PTQ4ViT: Post-training quantization for vision transformers with twin uniform quantization

2111.12293

Published 6/26/2024 by Zhihang Yuan, Chenhao Xue, Yiqi Chen, Qiang Wu, Guangyu Sun

👀

Abstract

Quantization is one of the most effective methods to compress neural networks, which has achieved great success on convolutional neural networks (CNNs). Recently, vision transformers have demonstrated great potential in computer vision. However, previous post-training quantization methods performed not well on vision transformer, resulting in more than 1% accuracy drop even in 8-bit quantization. Therefore, we analyze the problems of quantization on vision transformers. We observe the distributions of activation values after softmax and GELU functions are quite different from the Gaussian distribution. We also observe that common quantization metrics, such as MSE and cosine distance, are inaccurate to determine the optimal scaling factor. In this paper, we propose the twin uniform quantization method to reduce the quantization error on these activation values. And we propose to use a Hessian guided metric to evaluate different scaling factors, which improves the accuracy of calibration at a small cost. To enable the fast quantization of vision transformers, we develop an efficient framework, PTQ4ViT. Experiments show the quantized vision transformers achieve near-lossless prediction accuracy (less than 0.5% drop at 8-bit quantization) on the ImageNet classification task.

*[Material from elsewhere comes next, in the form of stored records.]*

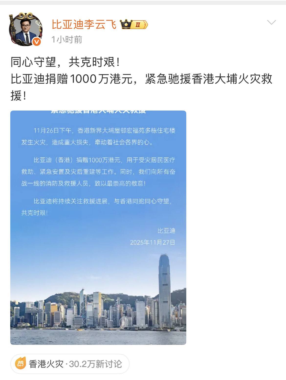 今天,比亚迪集团品牌及公关处总经理李云飞 在微博上宣布:“同心守望,共克时艰!比亚迪捐赠1000万港元,紧急驰援香港大埔火灾救援! ” 官方表示,捐款将用于受灾居民医疗救助、紧急安置及灾后重建等工作。同时向所有奋战一线的消防及救援人员,致以最崇高的敬意!
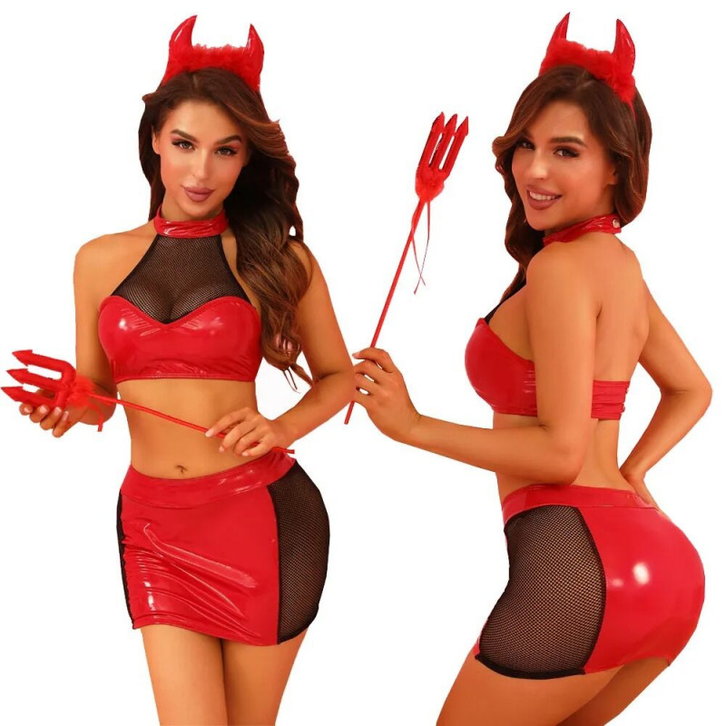 Еротичний костюм дияволиці JSY Спокусниця Джен One Size, топ, спідниця, трусики, ріжки, жезл
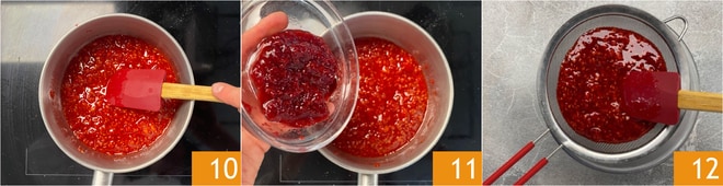 Cozinhe em fogo baixo, mexendo continuamente 10 até que as framboesas se desmanchem, isso levará cerca de 5 minutos. Adicione a geleia de framboesas 11 e mexa uma última vez para misturar os ingredientes. Passe a mistura por uma peneira de malha fina para eliminar as sementes das framboesas 12 e deixe esfriar completamente.
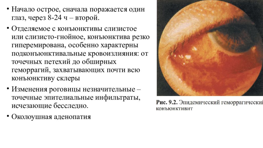 Начало острое, сначала поражается один глаз, через 8-24 ч – второй. Отделяемое с конъюнктивы слизистое или слизисто -гнойное, конъюнктива резко гиперемирована, особенно характерны подконъюнктивальные кровоизлияния: от точечных петехий до обширных геморрагий, захватывающих почти всю конъюнктиву склеры Изменения роговицы незначительные – точечные эпителиальные инфильтраты, исчезающие бесследно. Околоушная аденопатия
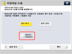 이 기능을 설정하려면 먼저 관리자가 Document Scan Lock 모드에 대해 QR 코드를 사용하도록 설정해야 합니다. (See "Document Scan Lock의 코드 선택 (TL 코드/QR 코드).")

Create account to get full access

Overview

Quantization is a method to compress neural networks, which has been successful for convolutional neural networks (CNNs).
Vision transformers have shown great potential in computer vision, but previous post-training quantization methods performed poorly on them, causing significant accuracy drops.
This paper analyzes the problems of quantization on vision transformers and proposes solutions to address them.

Plain English Explanation

Quantization is a technique used to make neural networks smaller and more efficient by reducing the precision of the numbers they use. This has worked well for a type of neural network called convolutional neural networks (CNNs), which are commonly used for computer vision tasks.

Recently, a new type of neural network called vision transformers has been developed, and it has shown a lot of promise in computer vision applications. However, when researchers tried to use the previous quantization methods on vision transformers, they found that it caused the networks to lose a lot of accuracy, sometimes more than 1% even when quantizing to just 8-bit precision.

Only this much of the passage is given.